The Chief Justice proceeds to explain that if the estimates are cut by the Assembly, the requirement for Cabinet consent would become unnecessary and would overridden, thereby defeating the requirement for Cabinet consent which itself is unconstitutional. He therefore finds that as a matter of constitutional legality, the Assembly cannot amend the estimates. The Chief Justice concludes that the power of the Assembly is limited to withholding its approval for the estimates when they are laid before the Assembly for approval.
The effect of the decision of the Chief Justice is that the power of the National Assembly to “decide” has been curtailed or limited to approving or not approve. The Assembly cannot reduce or cut.
That’s the brilliant legal mind we have all grown accustomed to over the years.
The final paragraph in Ralph’s reasoning should be emboldened, magnified, copied and sent to to all the so-called legal minds in the Opposition, including Moses and Ramjattan and Trotman and Basil Williams and James Bond and Nigel Hughes and all the rest, who enjoined this battle for simple political, and not so much legal, reasons. Let them know that they have been defeated…that they have lost… and they should live with it.
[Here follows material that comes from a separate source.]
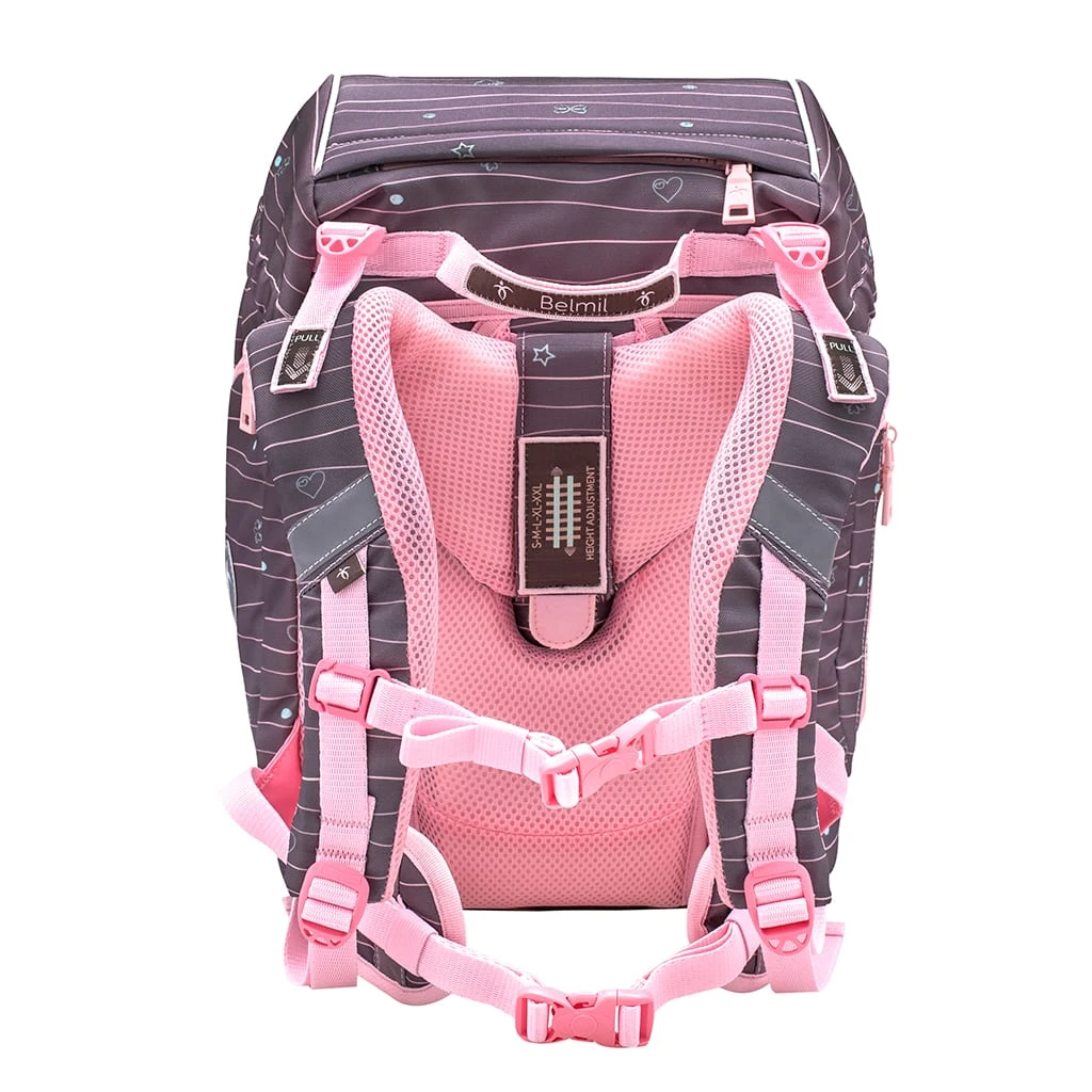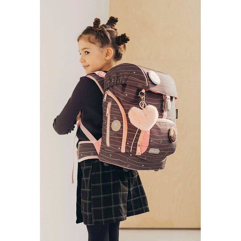 – Große Vortasche, praktisch aufgeteilte Fächer, die den Kindern helfen, ihre Schulsachen besser zu organisieren, elastische Seitentaschen (bis zu 0,7 l) und eine extra Halter mit Kordelzug

Chief Justice Ian Chang should be congratulated for getting it right, legally!
“The effect of the decision of the Chief Justice is that the power of the National Assembly to “decide” has been curtailed or limited to approving or not approve. The Assembly cannot reduce or cut.”
Congratulations, Ralph, for getting it right, too! Reading your analysis takes
me down memory lane – it’s like reading a decision of any one of a line of famous English Jurists…a la Lord Denning!